Living in a World of Rejection

Everyone gets some form or rejection at some point in their lives. If you're fairly well balanced, you can take it in stride, maybe momentarily sad/disappointed/angry but you move on.

However, to reject seems a much harder action for some people to commit. Take the thinner side of relationships--that is, dating. How many times has it happened that someone says to you, "I'll call you," when they have no intention of ever calling? Or the slow disappearance of the person you're dating, who can't manage to say, "I'm no longer interested," but instead becomes distant, talking less, laughing less, making love less or with less passion?

I mean, really, who is being fooled in such relationships? Not the one slowly being dumped. And if you haven't learned by now, a slow dumping is much more wounding and demoralizing than a sudden one. Though that shouldn't mean never calling again but having the guts to say, "Look, this just isn't working out," or "I'm really more into my book than you," or whatever.

I believe there's often ego tied up in this that people don't realize. "Oh, I couldn't tell him/her I don't want to see them anymore. It would crush him/her." Yeah, I've been reduced to ashes every time some guy never called. Give me a break. Ego ego ego. Not needed. People survive, they move on. Someone I've dated is not all important in my life. (A longer live-in relationship is a dfferent story however) If you've only had a few dates with someone, be decent and say it's not working. Don't be a worm wriggling away without the guts to say anything.

Which gets to the real point of this. Writing. My gods, I've been rejected so many times I cannot count. I used to say I could paper a house with rejections and a bathroom with acceptances. I think I could now paper a good sized bedroom with acceptances. But the point is, a writer lives with rejection all the time. And it's not just because personalities don't mesh (well, maybe sometimes it is), but it's more personal; it's one's writing.

Writing can be the blood and soul of a writer. A good writer can separate enough to take constructive criticism. A good writer can also be completely emotionally unstable and think that you're ripping the arms off their baby any time you say anything against their perfect child. Okay, that's not a good writer. That's a crazed writer who might, from time to time, write well, but only if they can take criticism.
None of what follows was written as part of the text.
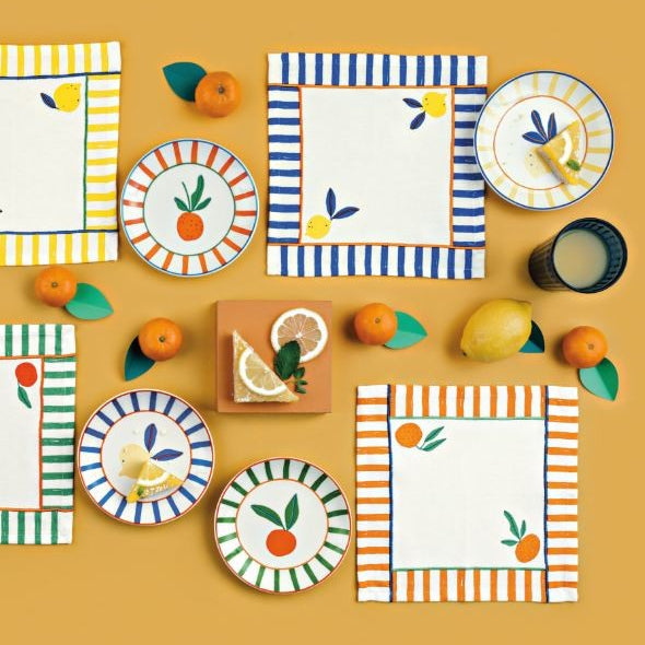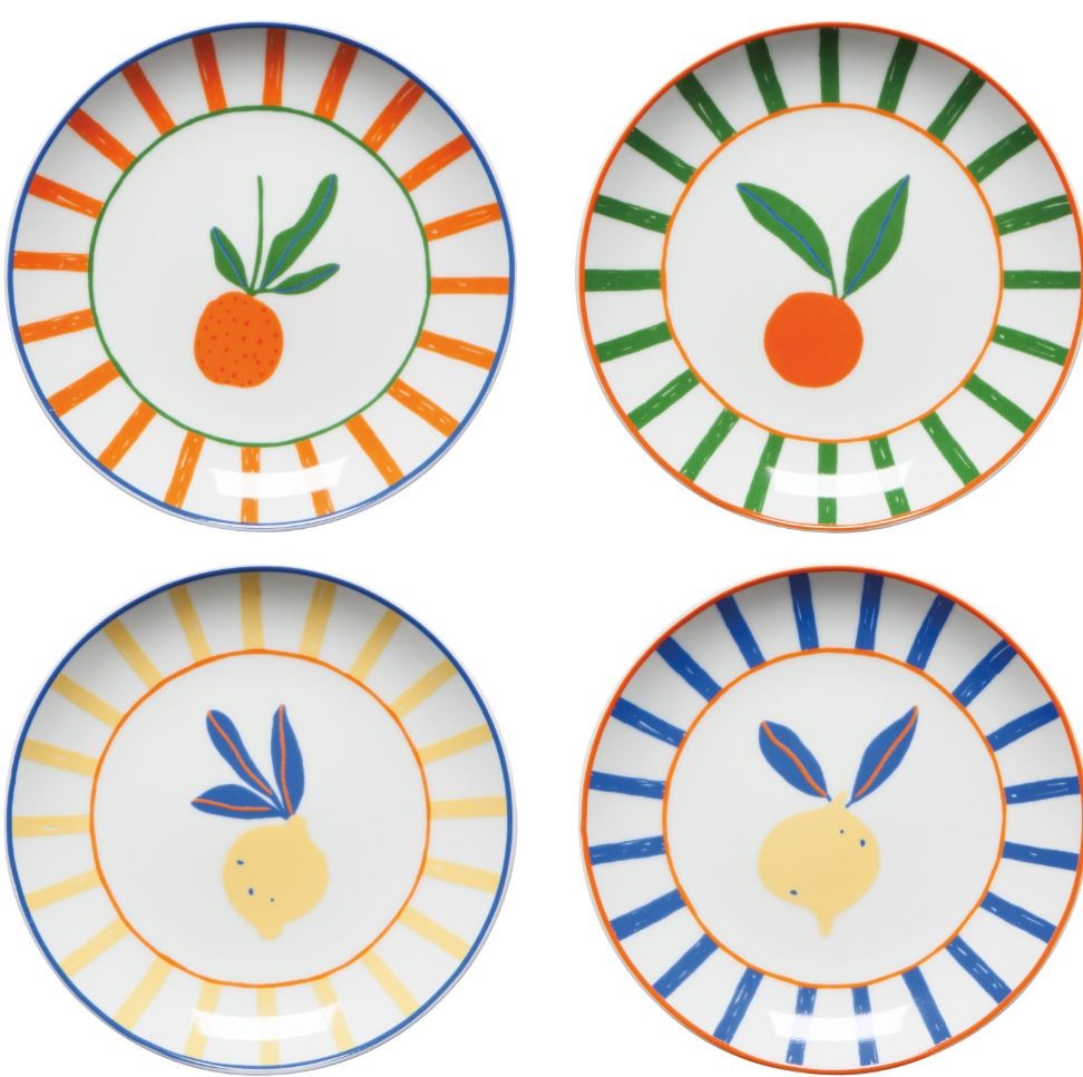 Whet the appetite for fun and squeeze joy out of ordinary moments with these eye-pleasing Citrus Burst appetizer plates. Zesty lemons and oranges shine bright on boldy striped backgrounds in this refreshingly colorful design from the Citrus Burst collection.

Still, no matter how professional you are, how gracious, how open and noble, how thick your skin, it can get to you. The perseverance of most writers is akin to beating your head against a wall with a nail sticking out, knowing it's causing you to hurt and bleed, but still doing it, hoping you can pound down that nail. What gives first? How prevalent is depression amongst writers? Ask them.

Writing is not for the weak at heart. Over the years and the many workshops/writers groups I've been in I've seen people freeze up. Some never write again when they find out their perfect child has a flaw to some people. Some are closet writers, writing away, but paralyzed to submit.

And there you go; submission. A writer must be submissive. Passively and meekly sending in stories and poetry to the mighty god-editor of doom, awaiting the call or the casting out. You must submit your writing and submit to the will of others.

Now when you look at the aberrant personalities of past writers: Dylan Thomas, Hemingway, Oscar Wilde, Lord Byron, to name a few, is it any wonder they turned out the way they did? And of course one can ask: does writing attract the aberrant personalities or does writing create them?